Quote the listing below in its entirety, omitting every image.

STORED DATA –
┄┄┄┄┄┄
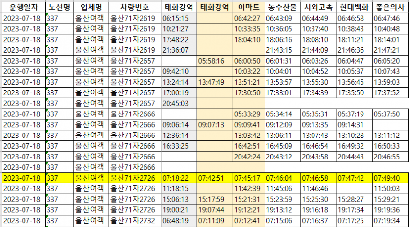 불편 Re: 7/18, 7:40 출발 태화강역발 삼남신화행 337번 버스 증발
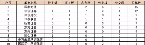 根据界面新闻统计,年内完成上市项目数量居前的十家券商分别为:国泰海通(601211.SH)、中信证券(600030.SH)、中信建投(601066.SH)、华泰联合、招商证券(600999.SH)、东方证券(600958.SH)、东兴证券(601198.SH)、国金证券(600109.SH)、申万宏源承销保荐以及国联民生承销保荐。
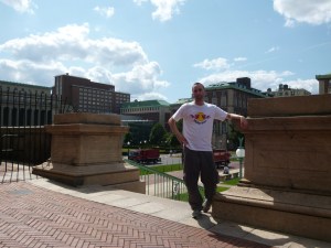 Columbia University (below) on 2960 Broadway is first seen during the opening credits but its first proper appearance is after 14 minutes when Peter Venkman (Bill Murray) explains to Raymond Stantz (Dan Aykroyd) on the steps of the Low Memorial Library that it was their destiny to get “thrown out of this dump” so they can go into business themselves.
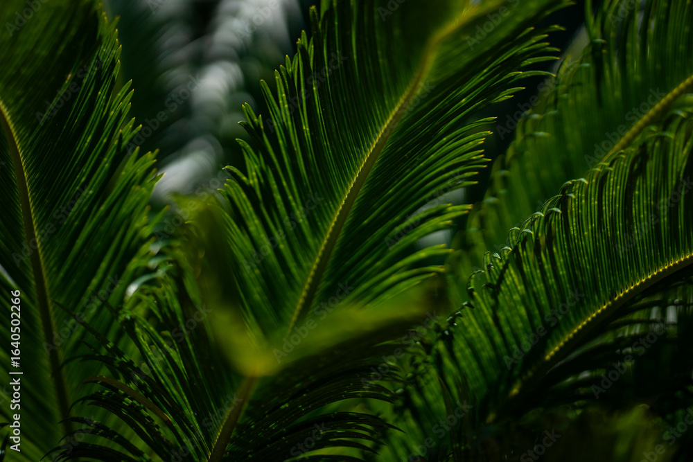 Palm leaves background. Green leaves wallpaper. Exotic jungle foliage. Green leaves tropical greenery. Palm leaf closeup shot. Green pattern. Palm leaves backdrop. Green palm background.
┄┄┄┄┄┄
SOLUTION TO THIS TASK –
 불편 Re: 7/18, 7:40 출발 태화강역발 삼남신화행 337번 버스 증발
 根据界面新闻统计,年内完成上市项目数量居前的十家券商分别为:国泰海通(601211.SH)、中信证券(600030.SH)、中信建投(601066.SH)、华泰联合、招商证券(600999.SH)、东方证券(600958.SH)、东兴证券(601198.SH)、国金证券(600109.SH)、申万宏源承销保荐以及国联民生承销保荐。
 Columbia University (below) on 2960 Broadway is first seen during the opening credits but its first proper appearance is after 14 minutes when Peter Venkman (Bill Murray) explains to Raymond Stantz (Dan Aykroyd) on the steps of the Low Memorial Library that it was their destiny to get “thrown out of this dump” so they can go into business themselves.
 Palm leaves background. Green leaves wallpaper. Exotic jungle foliage. Green leaves tropical greenery. Palm leaf closeup shot. Green pattern. Palm leaves backdrop. Green palm background.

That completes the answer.